---- SUPPLIED INFORMATION

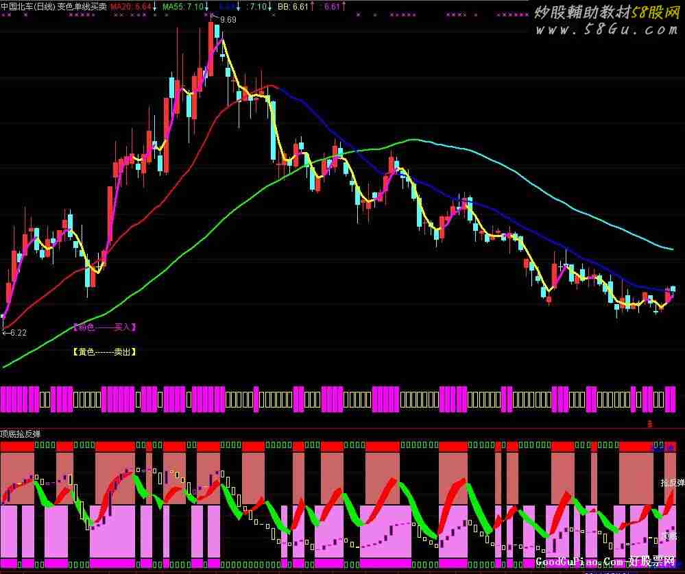 TT:=IF(ISLASTBAR,240/FROMOPEN,1); NN:=120; HH:=HHV(V*TT,NN); LL:=LLV(V,NN); 最高:=CONST(HH); 最低:=CONST(LL); 最高2:=CONST(HHV(H,NN)); 最低2:=CONST(LLV(L,NN)); PP:=IF((最高2*0.9-(最高2-最低2)*0.5)>CONST(LLV(L,20)),0.9,IF((最高2*0.9-(最高2-最低2)*0.5)>CONST(LLV(L,50)),0.7,0.6)),NODRAW; RCC1:=最高2*0.9-(最高2-最低2)*PP; 最低3:=MIN(RCC1,最低2); AA:=最低3; MA20:MA(C,20),COLORRED,LINETHICK2; MA55:MA(C,55),COLOR00FF00,LINETHICK2; IF(MA20<REF(MA20,1),MA20,DRAWNULL),COLORFF0000,LINETHICK2; IF(MA55<REF(MA55,1),MA55,DRAWNULL),COLORFFFF00,LINETHICK2; BB:MA(MA(CLOSE,3),1),LINETHICK3,COLOR00FFFF; IF(BB>=REF(BB,1),BB,DRAWNULL),COLORFF00FF,LINETHICK3; STICKLINE(BB>=REF(BB,1),AA-0.000*AA,AA-0.050*AA,3,0),COLORMAGENTA; STICKLINE(BB<REF(BB,1),AA-0.010*AA,AA-0.040*AA,3,1),COLORYELLOW; DRAWTEXT_FIX(1,0.1,0.76,0,'【粉色-------买入】'),COLORFF00FF; DRAWTEXT_FIX(1,0.1,0.82,0,'【黄色-------卖出】'),COLOR00FFFF;
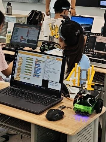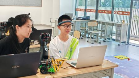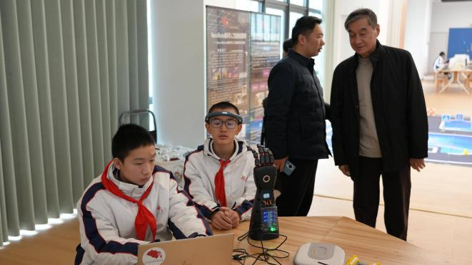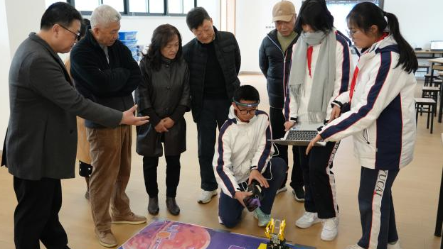 下午2时许,验收组在新区关工委领导及成都市七中育才学校科学城分校校长姜向阳、副校长何玉明的陪同下,参观校园并深入了解学校设施建设、课程开展等情况后,进入脑科学项目现场,实地查看了项目实施的硬件设施、活动开展场景及成果展示,详细了解学校脑科学项目的设计理念、推进过程和实际成效。
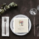 A beautiful floral arrangement graces each napkin, adding a touch of springtime elegance.
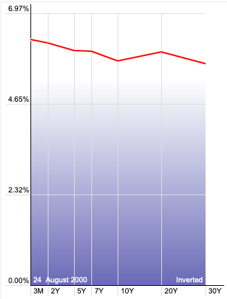 Curva de tipos invertida. Fecha 24/8/2000. Fuente stockcharts.com
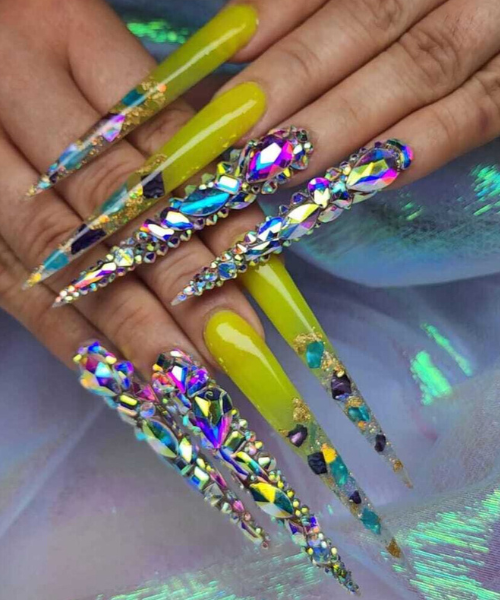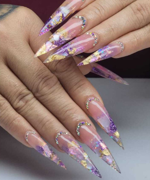 Nails with embedded designs or art sealed within the nail for glassy finish.

--------

WHAT YOU ARE ASKED TO DO =>
Once the pictures are set aside, repeat the remaining data word for word.

EXERCISE SOLUTION =>
 TT:=IF(ISLASTBAR,240/FROMOPEN,1); NN:=120; HH:=HHV(V*TT,NN); LL:=LLV(V,NN); 最高:=CONST(HH); 最低:=CONST(LL); 最高2:=CONST(HHV(H,NN)); 最低2:=CONST(LLV(L,NN)); PP:=IF((最高2*0.9-(最高2-最低2)*0.5)>CONST(LLV(L,20)),0.9,IF((最高2*0.9-(最高2-最低2)*0.5)>CONST(LLV(L,50)),0.7,0.6)),NODRAW; RCC1:=最高2*0.9-(最高2-最低2)*PP; 最低3:=MIN(RCC1,最低2); AA:=最低3; MA20:MA(C,20),COLORRED,LINETHICK2; MA55:MA(C,55),COLOR00FF00,LINETHICK2; IF(MA20<REF(MA20,1),MA20,DRAWNULL),COLORFF0000,LINETHICK2; IF(MA55<REF(MA55,1),MA55,DRAWNULL),COLORFFFF00,LINETHICK2; BB:MA(MA(CLOSE,3),1),LINETHICK3,COLOR00FFFF; IF(BB>=REF(BB,1),BB,DRAWNULL),COLORFF00FF,LINETHICK3; STICKLINE(BB>=REF(BB,1),AA-0.000*AA,AA-0.050*AA,3,0),COLORMAGENTA; STICKLINE(BB<REF(BB,1),AA-0.010*AA,AA-0.040*AA,3,1),COLORYELLOW; DRAWTEXT_FIX(1,0.1,0.76,0,'【粉色-------买入】'),COLORFF00FF; DRAWTEXT_FIX(1,0.1,0.82,0,'【黄色-------卖出】'),COLOR00FFFF;
 下午2时许,验收组在新区关工委领导及成都市七中育才学校科学城分校校长姜向阳、副校长何玉明的陪同下,参观校园并深入了解学校设施建设、课程开展等情况后,进入脑科学项目现场,实地查看了项目实施的硬件设施、活动开展场景及成果展示,详细了解学校脑科学项目的设计理念、推进过程和实际成效。
 A beautiful floral arrangement graces each napkin, adding a touch of springtime elegance.
 Curva de tipos invertida. Fecha 24/8/2000. Fuente stockcharts.com
 Nails with embedded designs or art sealed within the nail for glassy finish.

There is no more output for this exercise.